- _Work order_
Reproduce the records below exactly, leaving their images out.

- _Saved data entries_
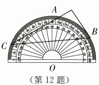 12. 将量角器按如图所示的方式放置在三角形纸板上,使顶点C在半圆上,点A、B的读数分别为$100^{\circ }$、$150^{\circ }$,则$∠ACB$的大小为______$^{\circ }$.
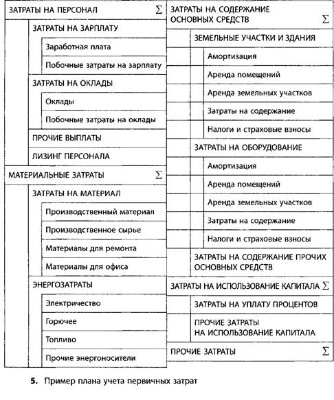 Для структурирования первичных затрат, или видов затрат, в качестве критерия различия задается вопрос о виде использованного производственного фактора. Таким образом, возникает примерное разделение по видам затрат, например: материальные затраты, затраты на персонал и затраты на оборудование (рис. 2.5).
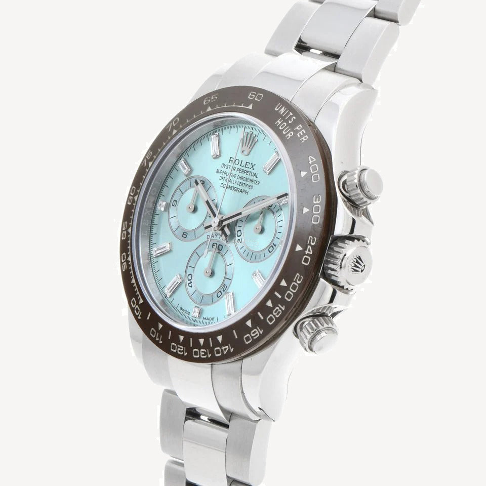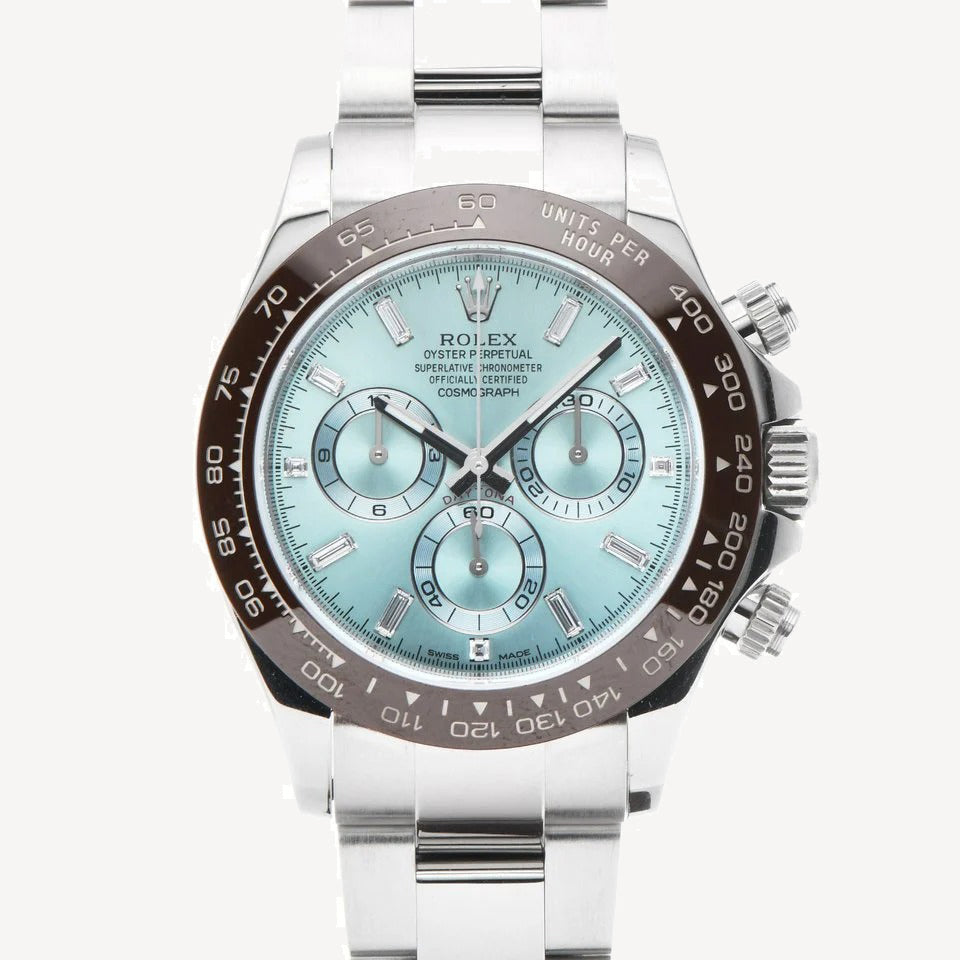 The Rolex Daytona “Ice Blue Baguette Diamond Dial” is an exquisite timepiece that combines high performance with opulent luxury.
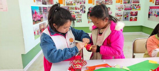 云南会泽新城妇联项目点的志愿者正教授孩子做手工艺品。(受访者供图)
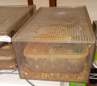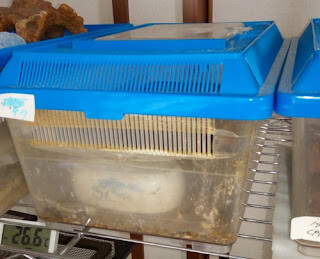 babyとか、交配待ちの個体たちは、色の派手なplastic製ケースに収容している。天井が低くて可哀想ではあるが、仕方ない。成体になるとほとんど運動スペースがない。babiesの頃から収容して成長するまで、運動させるのが・・・せめてもの・・・。
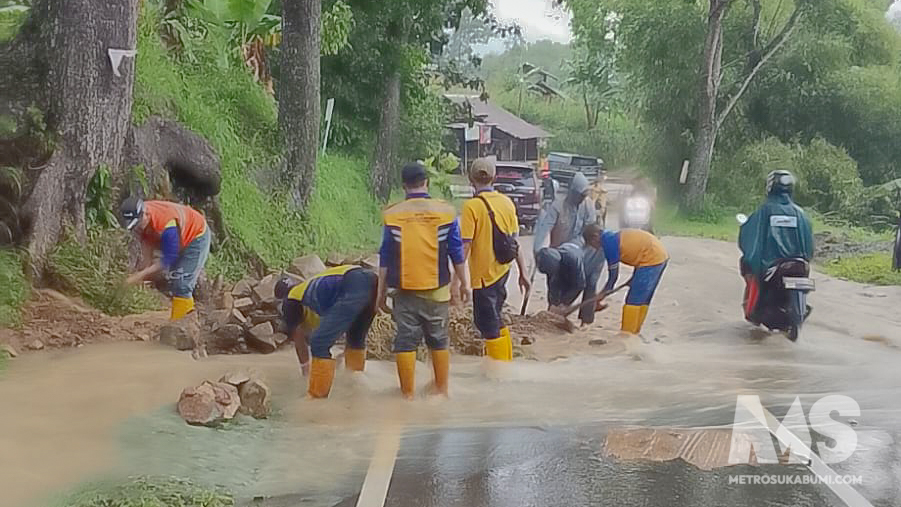 SUKABUMI – Hujan deras berintensitas tinggi yang mengguyur wilayah Kecamatan Nyalindung, Kabupaten Sukabumi, Selasa (14/4), memicu bencana banjir bandang disertai longsor. Akibatnya, dua titik jalur provinsi Sukabumi–Sagaranten sempat tertutup material lumpur dan bebatuan.
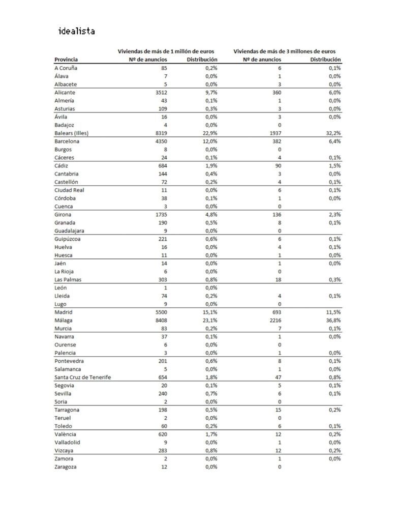 Existe, dentro del propio mundo de lujo, un terreno aún más exclusivo como es el de las viviendas de ultralujo, aquellas con un precio superior a los 3 millones de euros. Las más de 6.000 propiedades de este precio que había anunciadas a principios de agosto se concentran principalmente en Málaga (2.216 anuncios; el 36,8% del total) y Baleares (1.937 anuncios; 32,2%). Les siguen Madrid (693; 11,5%), Barcelona (382; 6,4%), Alicante (360; 6%) y Girona (136; 2,3%).
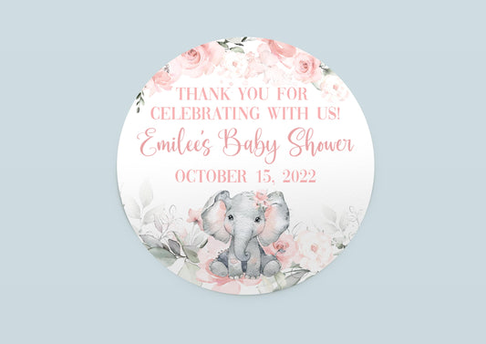 Girl Safari Baby Shower Favor Stickers, Elephant S52
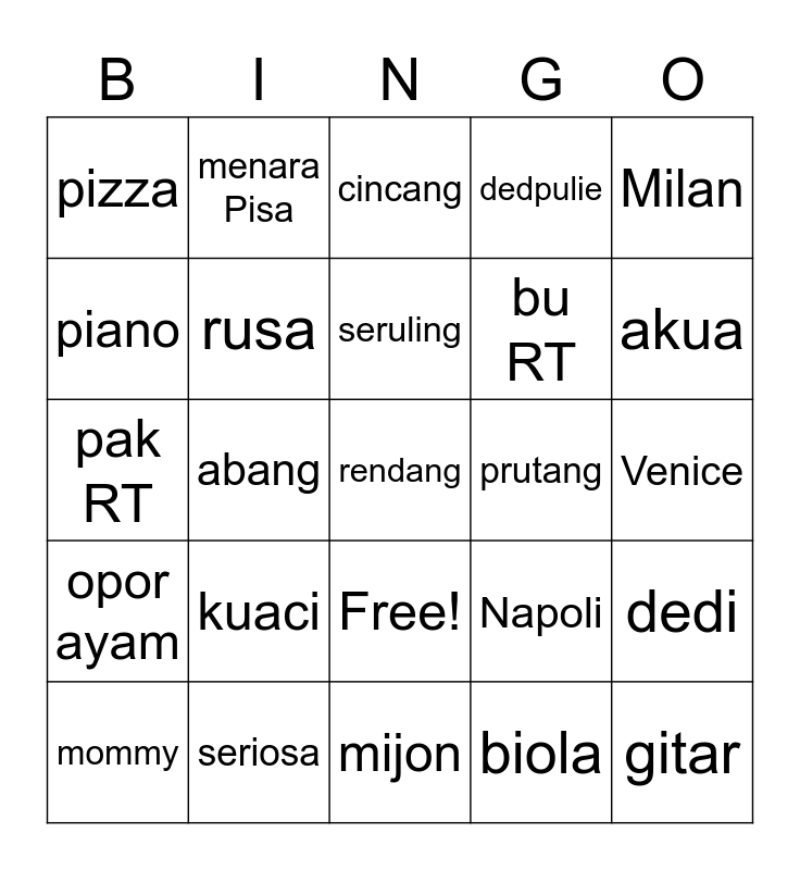 This bingo card has 26 words: Free!, biola, seruling, seriosa, Milan, pizza, piano, menara Pisa, Venice, Napoli, bu RT, pak RT, dedi, mommy, abang, om, dedpulie, opor ayam, cincang, rendang, akua, mijon, prutang, kuaci, rusa and gitar.
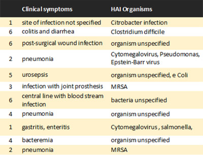 Patient outcomes determined from de-identified records were related to room conditions. Multivariate statistical analysis with linear regression was run to evaluate correlation between indoor measurements and new patient infections (HAIs). HAIs as shown below were found.
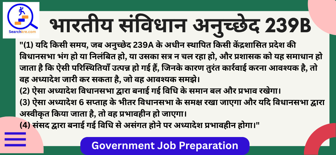 अनुच्छेद 239B भारतीय संविधान के भाग VIII(केंद्रशासित प्रदेश) में आता है। यह कुछ केंद्रशासित प्रदेशों में विधानसभा के निलंबन या भंग होने की स्थिति में अध्यादेश जारी करने की शक्ति(Power of administrator to promulgate Ordinances during recess of Legislature) से संबंधित है। यह प्रावधान कुछ केंद्रशासित प्रदेशों(जैसे, पुडुचेरी) के प्रशासक को विधानसभा के सत्र न होने पर अध्यादेश जारी करने की शक्ति देता है। यह अनुच्छेद 37वें संशोधन(1975) के द्वारा जोड़ा गया था।
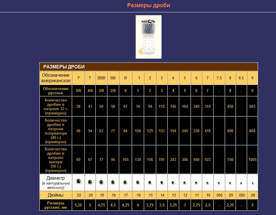Диаметр дроби разных номеров.
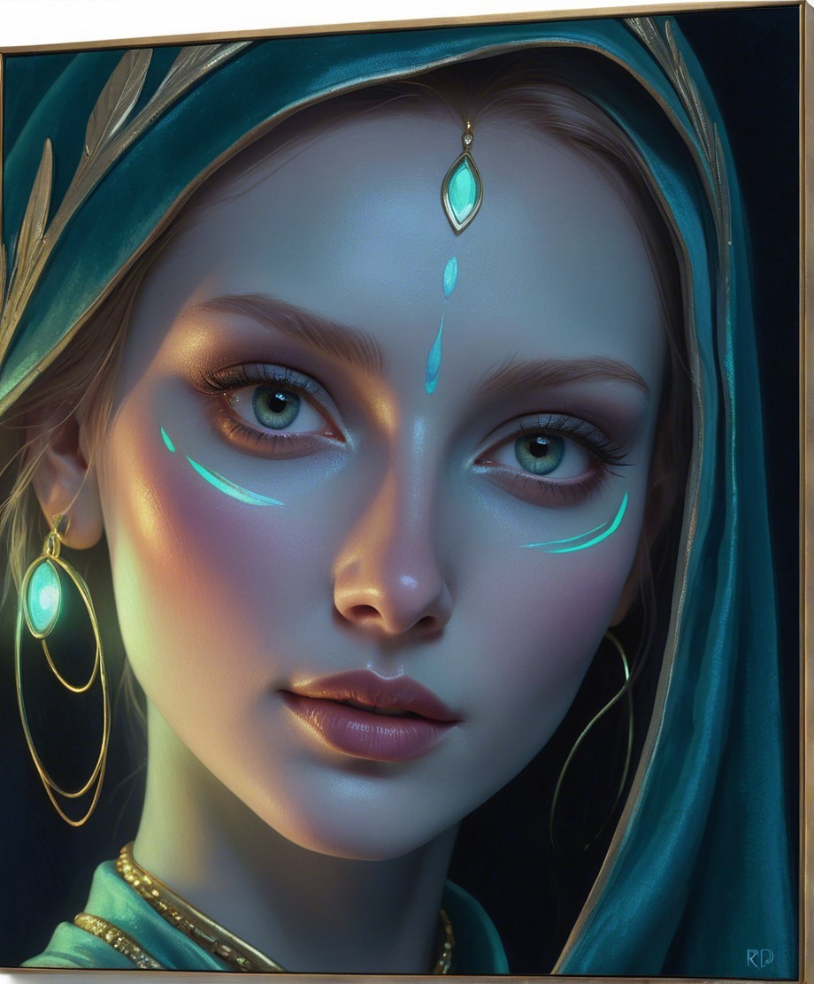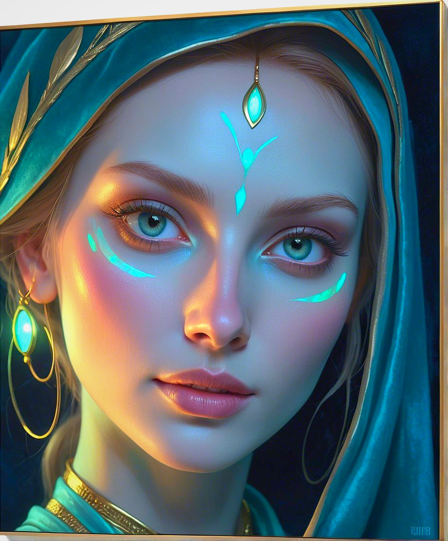 A close-up portrait of a young woman with striking blue eyes and glowing facial accents, wearing a teal headscarf and elegant jewelry, exuding an ethereal and captivating beauty.

- _Task response_
 12. 将量角器按如图所示的方式放置在三角形纸板上,使顶点C在半圆上,点A、B的读数分别为$100^{\circ }$、$150^{\circ }$,则$∠ACB$的大小为______$^{\circ }$.
 Для структурирования первичных затрат, или видов затрат, в качестве критерия различия задается вопрос о виде использованного производственного фактора. Таким образом, возникает примерное разделение по видам затрат, например: материальные затраты, затраты на персонал и затраты на оборудование (рис. 2.5).
 The Rolex Daytona “Ice Blue Baguette Diamond Dial” is an exquisite timepiece that combines high performance with opulent luxury.
 云南会泽新城妇联项目点的志愿者正教授孩子做手工艺品。(受访者供图)
 babyとか、交配待ちの個体たちは、色の派手なplastic製ケースに収容している。天井が低くて可哀想ではあるが、仕方ない。成体になるとほとんど運動スペースがない。babiesの頃から収容して成長するまで、運動させるのが・・・せめてもの・・・。
 SUKABUMI – Hujan deras berintensitas tinggi yang mengguyur wilayah Kecamatan Nyalindung, Kabupaten Sukabumi, Selasa (14/4), memicu bencana banjir bandang disertai longsor. Akibatnya, dua titik jalur provinsi Sukabumi–Sagaranten sempat tertutup material lumpur dan bebatuan.
 Existe, dentro del propio mundo de lujo, un terreno aún más exclusivo como es el de las viviendas de ultralujo, aquellas con un precio superior a los 3 millones de euros. Las más de 6.000 propiedades de este precio que había anunciadas a principios de agosto se concentran principalmente en Málaga (2.216 anuncios; el 36,8% del total) y Baleares (1.937 anuncios; 32,2%). Les siguen Madrid (693; 11,5%), Barcelona (382; 6,4%), Alicante (360; 6%) y Girona (136; 2,3%).
 Girl Safari Baby Shower Favor Stickers, Elephant S52
 This bingo card has 26 words: Free!, biola, seruling, seriosa, Milan, pizza, piano, menara Pisa, Venice, Napoli, bu RT, pak RT, dedi, mommy, abang, om, dedpulie, opor ayam, cincang, rendang, akua, mijon, prutang, kuaci, rusa and gitar.
 Patient outcomes determined from de-identified records were related to room conditions. Multivariate statistical analysis with linear regression was run to evaluate correlation between indoor measurements and new patient infections (HAIs). HAIs as shown below were found.
 अनुच्छेद 239B भारतीय संविधान के भाग VIII(केंद्रशासित प्रदेश) में आता है। यह कुछ केंद्रशासित प्रदेशों में विधानसभा के निलंबन या भंग होने की स्थिति में अध्यादेश जारी करने की शक्ति(Power of administrator to promulgate Ordinances during recess of Legislature) से संबंधित है। यह प्रावधान कुछ केंद्रशासित प्रदेशों(जैसे, पुडुचेरी) के प्रशासक को विधानसभा के सत्र न होने पर अध्यादेश जारी करने की शक्ति देता है। यह अनुच्छेद 37वें संशोधन(1975) के द्वारा जोड़ा गया था।
Диаметр дроби разных номеров.
 A close-up portrait of a young woman with striking blue eyes and glowing facial accents, wearing a teal headscarf and elegant jewelry, exuding an ethereal and captivating beauty.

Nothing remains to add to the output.